== INSTRUCTIONS FOR THE TASK ==
The answer must consist only of the lines from the line with "放开后,北京、上海、广州、成" to the line with "(仅选取部分各区商务主管部门", both included, exactly as they stand below.

== INPUT ==
┄┄┄┄┄┄

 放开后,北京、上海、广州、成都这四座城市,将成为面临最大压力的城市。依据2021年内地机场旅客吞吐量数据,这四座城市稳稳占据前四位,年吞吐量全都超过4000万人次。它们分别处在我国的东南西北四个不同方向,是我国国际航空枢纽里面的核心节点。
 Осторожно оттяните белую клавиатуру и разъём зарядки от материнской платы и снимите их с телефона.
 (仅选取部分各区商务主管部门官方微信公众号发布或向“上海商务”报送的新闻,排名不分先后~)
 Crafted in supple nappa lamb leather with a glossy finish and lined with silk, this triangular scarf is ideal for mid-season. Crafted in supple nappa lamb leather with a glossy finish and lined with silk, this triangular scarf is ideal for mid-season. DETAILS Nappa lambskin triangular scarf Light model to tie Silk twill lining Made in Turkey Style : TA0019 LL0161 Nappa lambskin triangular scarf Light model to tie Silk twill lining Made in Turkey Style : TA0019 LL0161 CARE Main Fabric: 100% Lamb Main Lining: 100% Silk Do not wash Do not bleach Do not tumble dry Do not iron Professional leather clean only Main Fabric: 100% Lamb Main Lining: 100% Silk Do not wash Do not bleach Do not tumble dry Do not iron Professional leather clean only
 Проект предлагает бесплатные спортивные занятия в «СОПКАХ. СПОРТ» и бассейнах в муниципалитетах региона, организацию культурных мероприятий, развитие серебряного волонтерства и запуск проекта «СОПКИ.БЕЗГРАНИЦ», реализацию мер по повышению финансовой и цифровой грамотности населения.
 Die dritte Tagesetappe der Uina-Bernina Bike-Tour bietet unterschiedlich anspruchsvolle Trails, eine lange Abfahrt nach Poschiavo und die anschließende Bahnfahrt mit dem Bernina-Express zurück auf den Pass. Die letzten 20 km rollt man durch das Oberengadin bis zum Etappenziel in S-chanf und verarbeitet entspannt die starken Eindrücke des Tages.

┄┄┄┄┄┄

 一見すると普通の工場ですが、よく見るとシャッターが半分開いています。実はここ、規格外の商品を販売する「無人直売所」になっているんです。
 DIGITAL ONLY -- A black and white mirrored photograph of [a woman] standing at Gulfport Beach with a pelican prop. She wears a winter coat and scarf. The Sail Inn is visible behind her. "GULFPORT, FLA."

┄┄┄┄┄┄

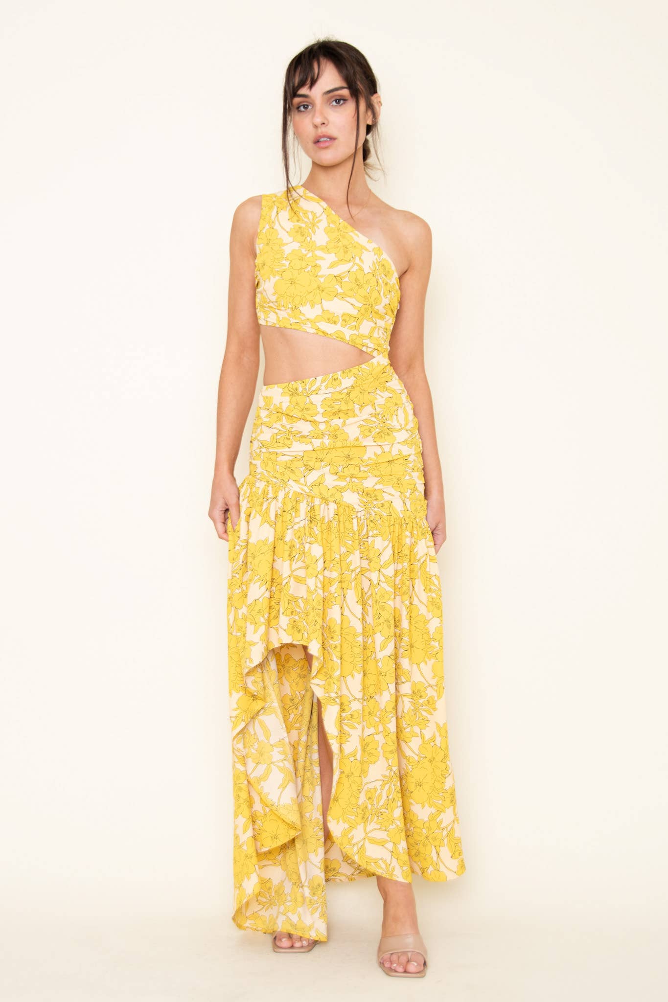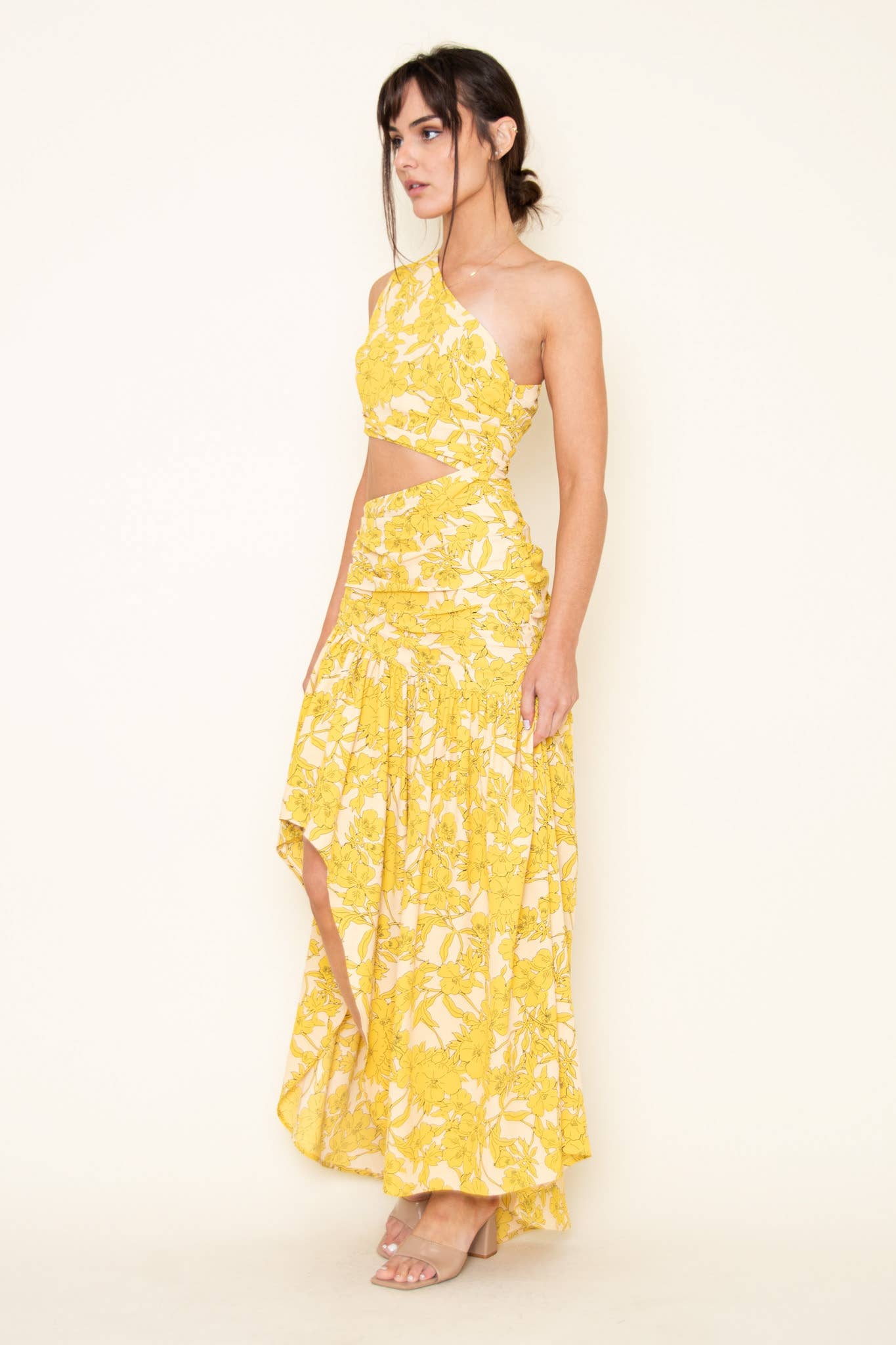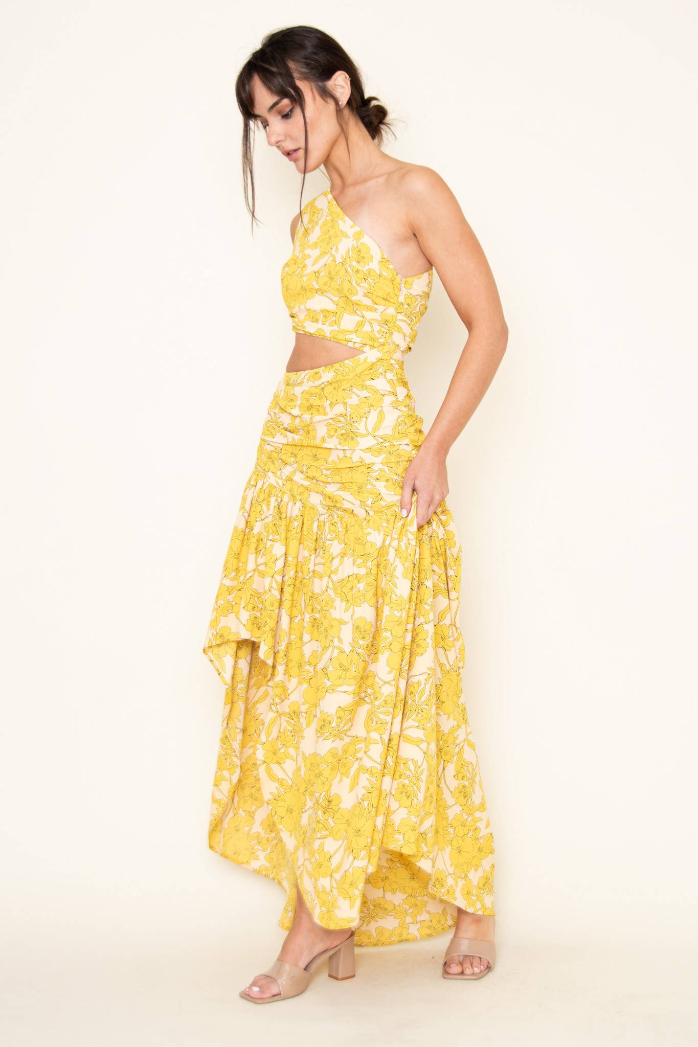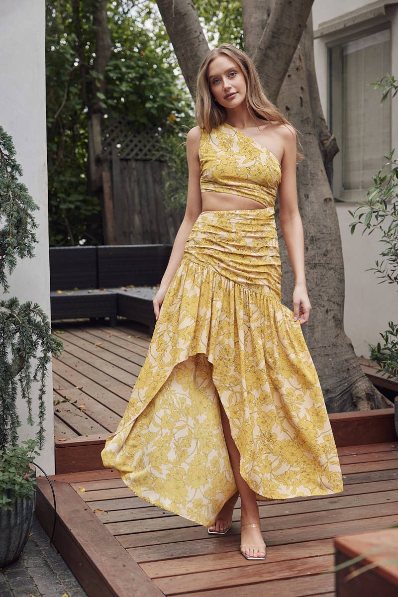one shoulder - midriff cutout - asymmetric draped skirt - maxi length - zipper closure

┄┄┄┄┄┄

== TASK RESULT ==
 放开后,北京、上海、广州、成都这四座城市,将成为面临最大压力的城市。依据2021年内地机场旅客吞吐量数据,这四座城市稳稳占据前四位,年吞吐量全都超过4000万人次。它们分别处在我国的东南西北四个不同方向,是我国国际航空枢纽里面的核心节点。
 Осторожно оттяните белую клавиатуру и разъём зарядки от материнской платы и снимите их с телефона.
 (仅选取部分各区商务主管部门官方微信公众号发布或向“上海商务”报送的新闻,排名不分先后~)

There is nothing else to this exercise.